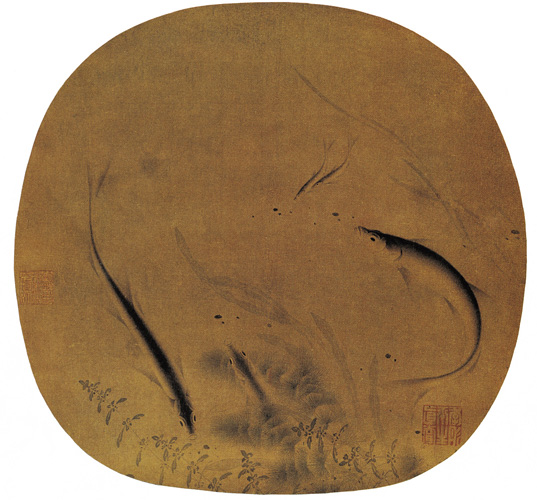 此圖原載《歷代名筆集勝冊》第二冊。簽題“劉寀”!缎彤嬜V》云:“文臣劉寀,字宏道,少時流寓都下,狂逸不事事,放意詩酒間,亦能為短句,與貴游少年相從無虛日。善畫魚,深得戲廣浮深,相忘于江湖之意。蓋畫魚者,髻鬟鱗刺分明,則非水中魚矣,安得有涵泳自然之態(tài)。若在水中,則無由顯露。寀作之魚,有得于此。他人作魚,皆出水之鱗,蓋不足貴也。由是專門,頗為士人所推譽!贝朔翘撟u。觀這圖里的群魚,的確是泳游于水中的活魚而不是出水之鱗。
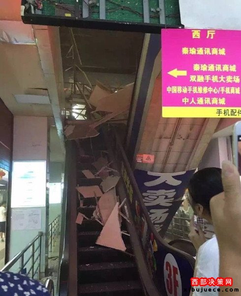 西部決策網(wǎng)訊(通訊員 展?。?nbsp;今天中午1點(diǎn)左右,西安市西華門(mén)海星智能廣場(chǎng)四樓賣(mài)場(chǎng)電梯頂?shù)蹴斖蝗幻撀?。商?hù)們說(shuō),房頂是木質(zhì)結(jié)構(gòu),坍塌毫無(wú)預(yù)兆。事故所幸暫時(shí)沒(méi)有人員受傷!
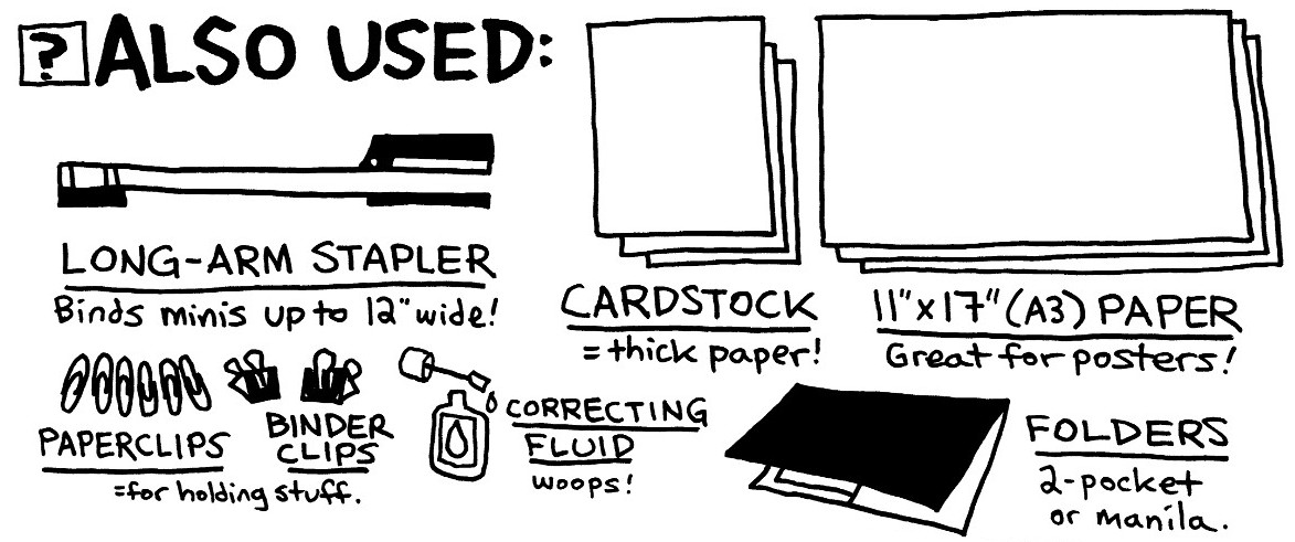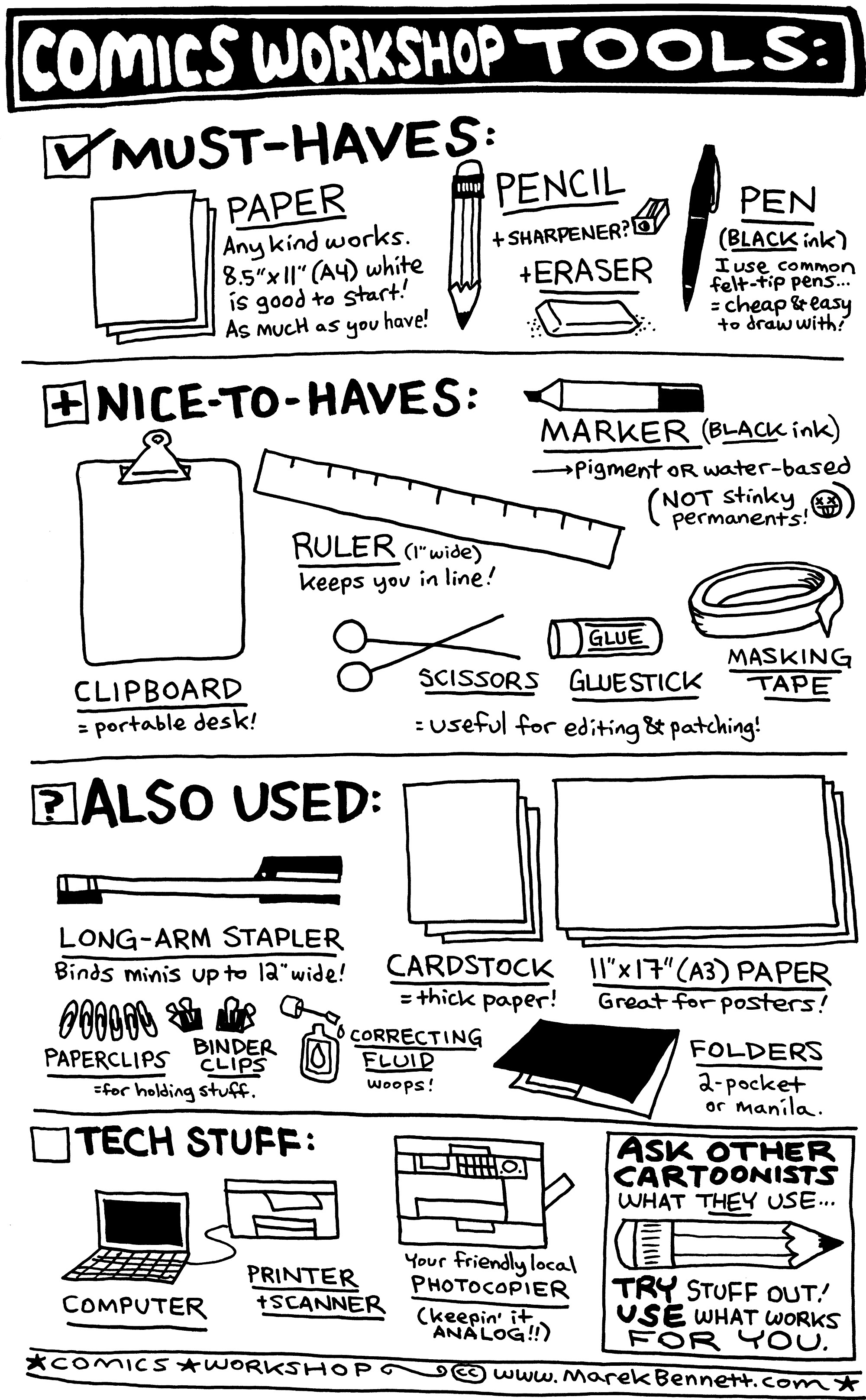 REMOTE STUDENTS: I’ll assume you have the basic MUST HAVEs listed below. You’re welcome to use whatever tools are handy, however. I recommend experimenting & seeing which tools work best for your art style & creative approach.
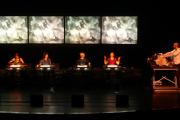 Venezia, Teatro alle Tese sabato 10 ottobre 2015 Georges Aperghis Machinations per 4 voci femminili e computer (2000) testi di François Regnault e Georges Aperghis Georges Aperghis (reg.), Daniel Levy (l. e video) Olivier Pasquet (informatica musicale) int.: Sylvie Levesque, Donatienne Michel-Dansac, Sylkvie Sacoun, Geneviève Strosser (voci). | |
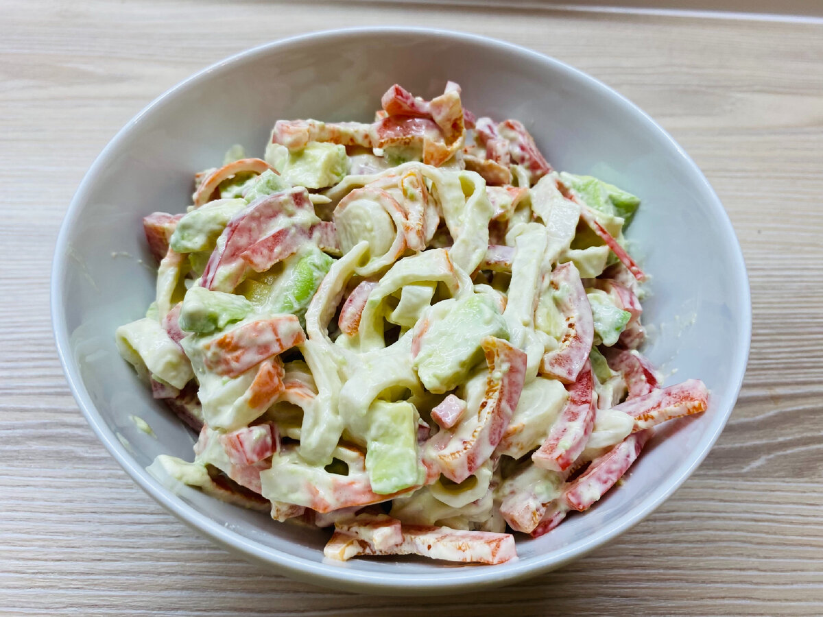 Салат на скорую руку из крабовых палочек. Ещё проще, ещё вкуснее.
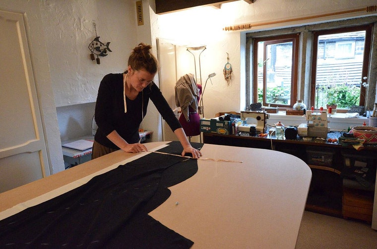 'Nadat ik Bobkin (General Morale Officer & schrijver van dit verhaal) haar ochtendborstel en ontbijt heb gegeven, vind ik het leuk om te mediteren of een wandeling te maken in de wilde Pennine-heuvels voordat ik de komende dag induik. Dit helpt me om de dag te beginnen met een kalme en heldere geest, wat betekent dat ik me kan concentreren op de taken die voor me liggen zonder afleiding. Omdat elk ontwerp op maat is gemaakt voor het individu, is het erg belangrijk voor mij om een evenwichtige en attente geest te hebben, zodat ik volledige aandacht kan geven aan het knippen en naaien van elk kledingstuk. Ik vind het van het grootste belang dat ik elke klant een perfect kledingstuk aanbied dat ze nog lang zullen koesteren en dragen.'
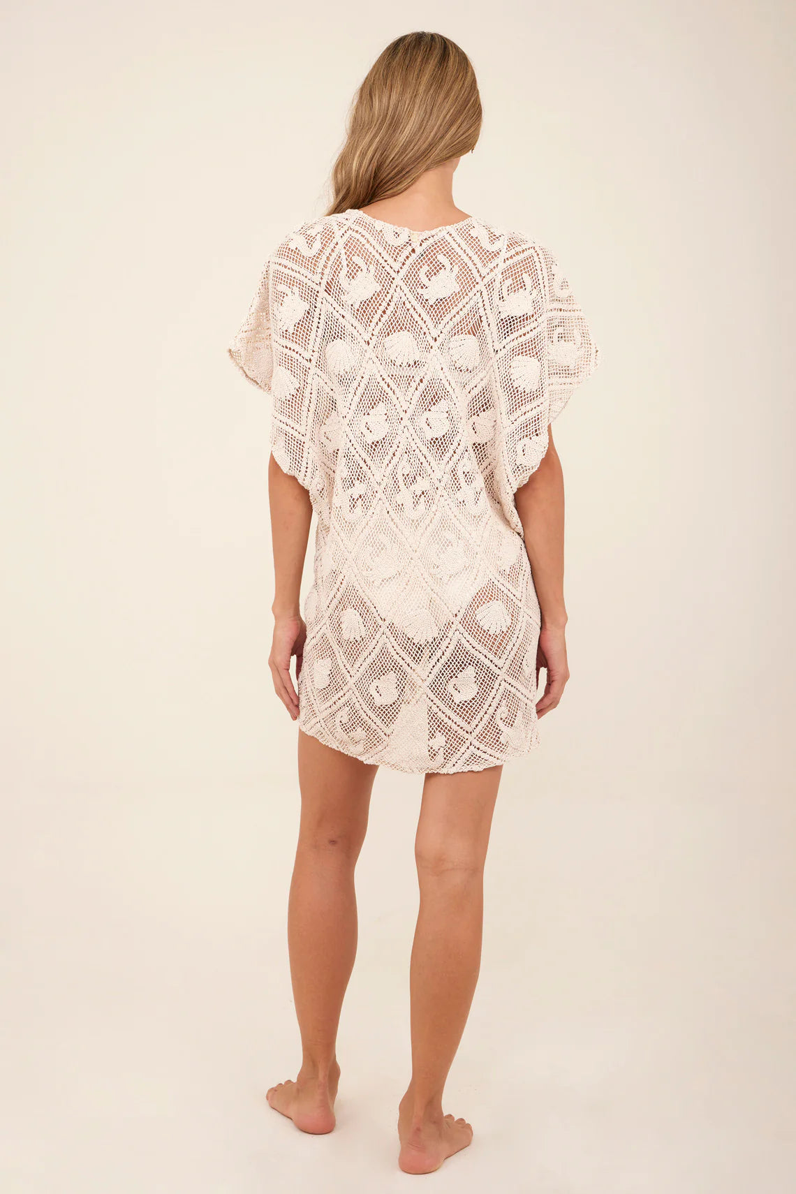 Open knit dress that showcases a U-shape neckline. It’s the perfect piece for a sophisticated beach-to-bar look.
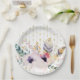 Beautiful Boho watercolor illustration features flowers and feathers on white with gold arrows background.
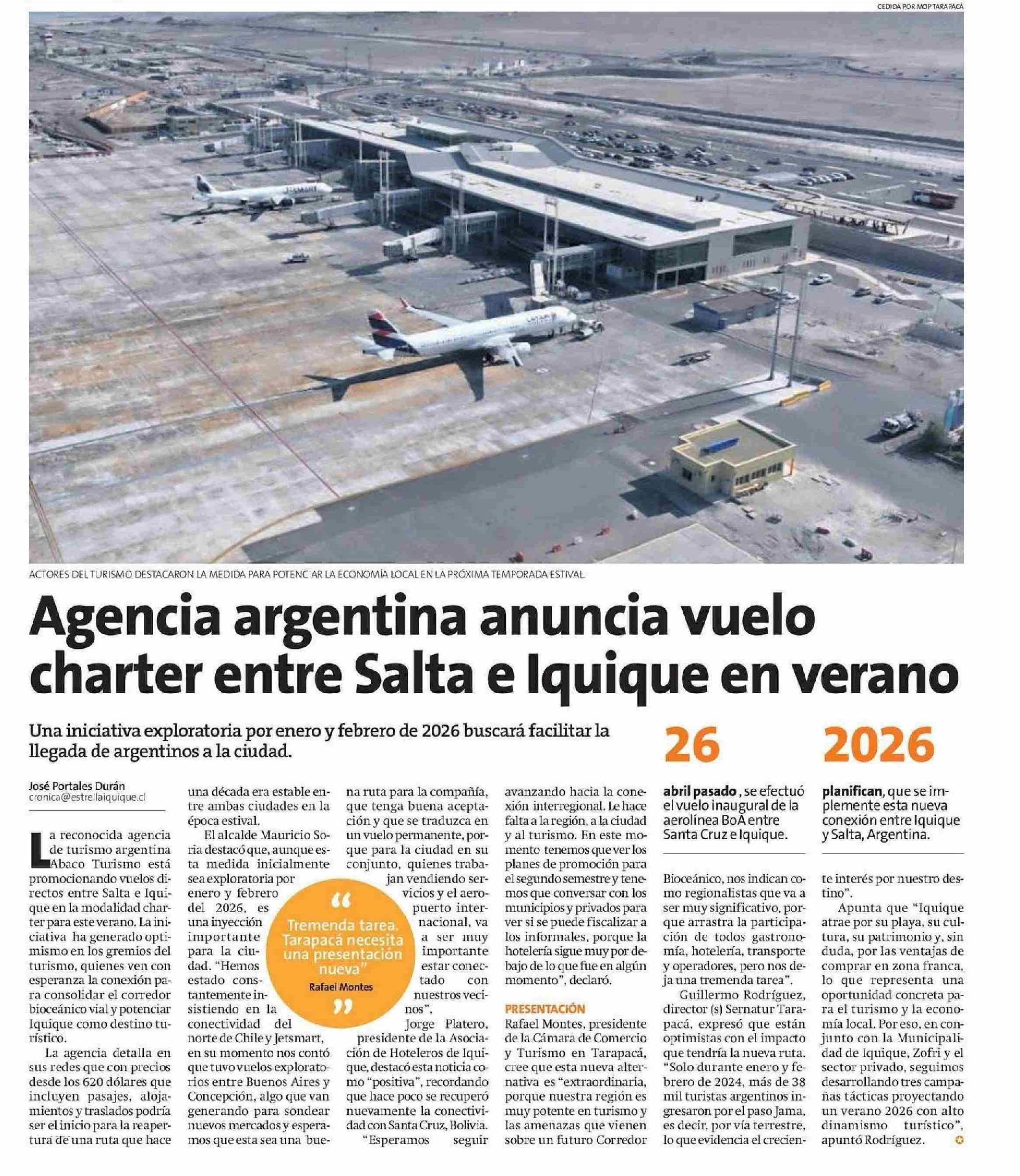 Agencia argentina anuncia vuelo charter entre Salta e Iquique en verano 14-06-2025 La Estrella de Iquique |
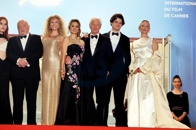 Taylor Jeanne, Paul Schrader, Penelope Mitchell, Alejandra Silva et son mari Richard Gere, son fils Homer James Jigme Gere et Uma Thurman - Montée des marches du film « Oh, Canada » lors du 77ème Festival International du Film de Cannes, au Palais des Festivals à Cannes. Le 17 mai 2024 © Jacovides-Moreau / Bestimage Red carpet of the movie « Oh, Canada» during the 77th Cannes International Film Festival at the Palais des Festivals in Cannes, France. On may 17th 2024
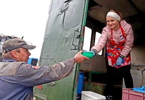 Пока мы беседовали с механизаторами, подоспела полевая кухня. Вкусными обедами угощала аграриев симпатичная девушка Екатерина Кулаковская. Это ее первое рабочее место. Екатерина нам рассказала, что блюда вкусные, повара стараются готовить разнообразное меню. И работа ей эта нравится, выезжает в поле с удовольствием, чтобы накормить мужчин горячими обедами.
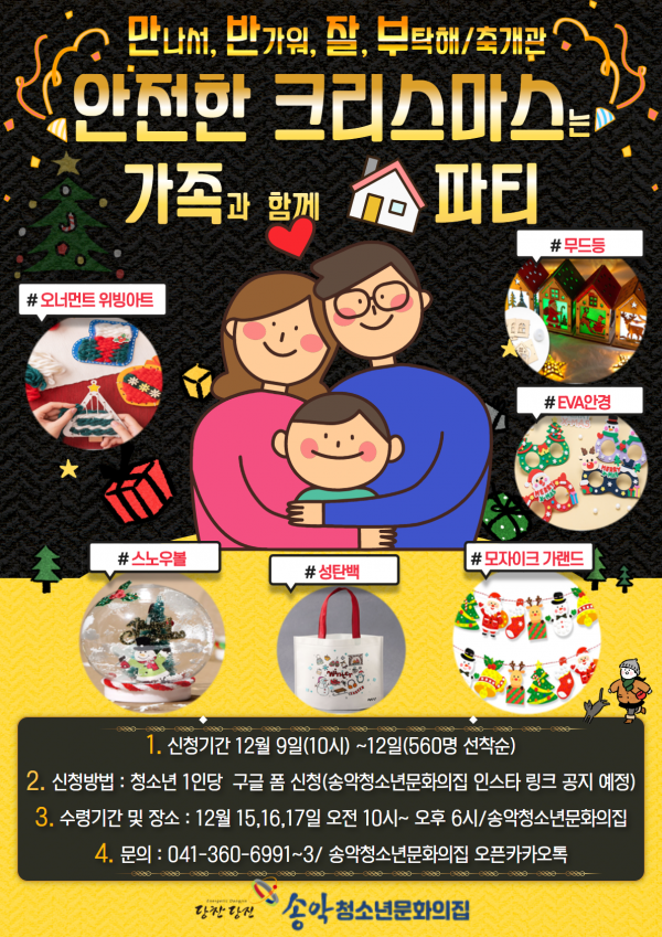 당초 송악청소년문화의집 개관에 맞춰 관내 아파트를 찾아가 체험부스 형식으로 진행해 청소년들에게 다양한 체험기회를 제공하고 신규 청소년수련시설인 송악청소년문화의집을 홍보할 예정이었으나 코로나 확산으로 인해 비대면 프로그램으로 대체 실시한다.
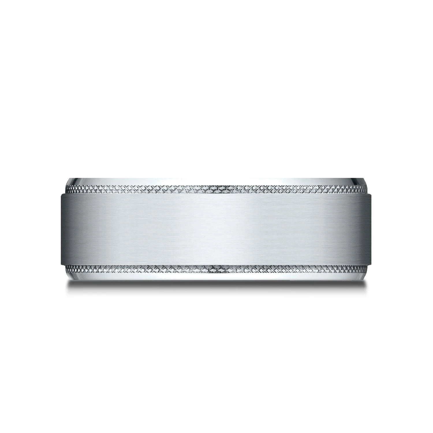 Be the first to review “Platinum 8mm Comfort Fit Knurled Drop Bevel Satin Finish Design Band” Cancel reply
+-------+
◆ DIRECTIONS FOR THIS TASK:
I'd like the material above repeated exactly, with the pictures omitted.

◆ SOLUTION TO THE EXERCISE:
 此圖原載《歷代名筆集勝冊》第二冊。簽題“劉寀”!缎彤嬜V》云:“文臣劉寀,字宏道,少時流寓都下,狂逸不事事,放意詩酒間,亦能為短句,與貴游少年相從無虛日。善畫魚,深得戲廣浮深,相忘于江湖之意。蓋畫魚者,髻鬟鱗刺分明,則非水中魚矣,安得有涵泳自然之態(tài)。若在水中,則無由顯露。寀作之魚,有得于此。他人作魚,皆出水之鱗,蓋不足貴也。由是專門,頗為士人所推譽!贝朔翘撟u。觀這圖里的群魚,的確是泳游于水中的活魚而不是出水之鱗。
 西部決策網(wǎng)訊(通訊員 展?。?nbsp;今天中午1點(diǎn)左右,西安市西華門(mén)海星智能廣場(chǎng)四樓賣(mài)場(chǎng)電梯頂?shù)蹴斖蝗幻撀?。商?hù)們說(shuō),房頂是木質(zhì)結(jié)構(gòu),坍塌毫無(wú)預(yù)兆。事故所幸暫時(shí)沒(méi)有人員受傷!
 REMOTE STUDENTS: I’ll assume you have the basic MUST HAVEs listed below. You’re welcome to use whatever tools are handy, however. I recommend experimenting & seeing which tools work best for your art style & creative approach.
 Venezia, Teatro alle Tese sabato 10 ottobre 2015 Georges Aperghis Machinations per 4 voci femminili e computer (2000) testi di François Regnault e Georges Aperghis Georges Aperghis (reg.), Daniel Levy (l. e video) Olivier Pasquet (informatica musicale) int.: Sylvie Levesque, Donatienne Michel-Dansac, Sylkvie Sacoun, Geneviève Strosser (voci). | |
 Салат на скорую руку из крабовых палочек. Ещё проще, ещё вкуснее.
 'Nadat ik Bobkin (General Morale Officer & schrijver van dit verhaal) haar ochtendborstel en ontbijt heb gegeven, vind ik het leuk om te mediteren of een wandeling te maken in de wilde Pennine-heuvels voordat ik de komende dag induik. Dit helpt me om de dag te beginnen met een kalme en heldere geest, wat betekent dat ik me kan concentreren op de taken die voor me liggen zonder afleiding. Omdat elk ontwerp op maat is gemaakt voor het individu, is het erg belangrijk voor mij om een evenwichtige en attente geest te hebben, zodat ik volledige aandacht kan geven aan het knippen en naaien van elk kledingstuk. Ik vind het van het grootste belang dat ik elke klant een perfect kledingstuk aanbied dat ze nog lang zullen koesteren en dragen.'
 Open knit dress that showcases a U-shape neckline. It’s the perfect piece for a sophisticated beach-to-bar look.
 Beautiful Boho watercolor illustration features flowers and feathers on white with gold arrows background.
 Agencia argentina anuncia vuelo charter entre Salta e Iquique en verano 14-06-2025 La Estrella de Iquique |
 Taylor Jeanne, Paul Schrader, Penelope Mitchell, Alejandra Silva et son mari Richard Gere, son fils Homer James Jigme Gere et Uma Thurman - Montée des marches du film « Oh, Canada » lors du 77ème Festival International du Film de Cannes, au Palais des Festivals à Cannes. Le 17 mai 2024 © Jacovides-Moreau / Bestimage Red carpet of the movie « Oh, Canada» during the 77th Cannes International Film Festival at the Palais des Festivals in Cannes, France. On may 17th 2024
 Пока мы беседовали с механизаторами, подоспела полевая кухня. Вкусными обедами угощала аграриев симпатичная девушка Екатерина Кулаковская. Это ее первое рабочее место. Екатерина нам рассказала, что блюда вкусные, повара стараются готовить разнообразное меню. И работа ей эта нравится, выезжает в поле с удовольствием, чтобы накормить мужчин горячими обедами.
 당초 송악청소년문화의집 개관에 맞춰 관내 아파트를 찾아가 체험부스 형식으로 진행해 청소년들에게 다양한 체험기회를 제공하고 신규 청소년수련시설인 송악청소년문화의집을 홍보할 예정이었으나 코로나 확산으로 인해 비대면 프로그램으로 대체 실시한다.
 Be the first to review “Platinum 8mm Comfort Fit Knurled Drop Bevel Satin Finish Design Band” Cancel reply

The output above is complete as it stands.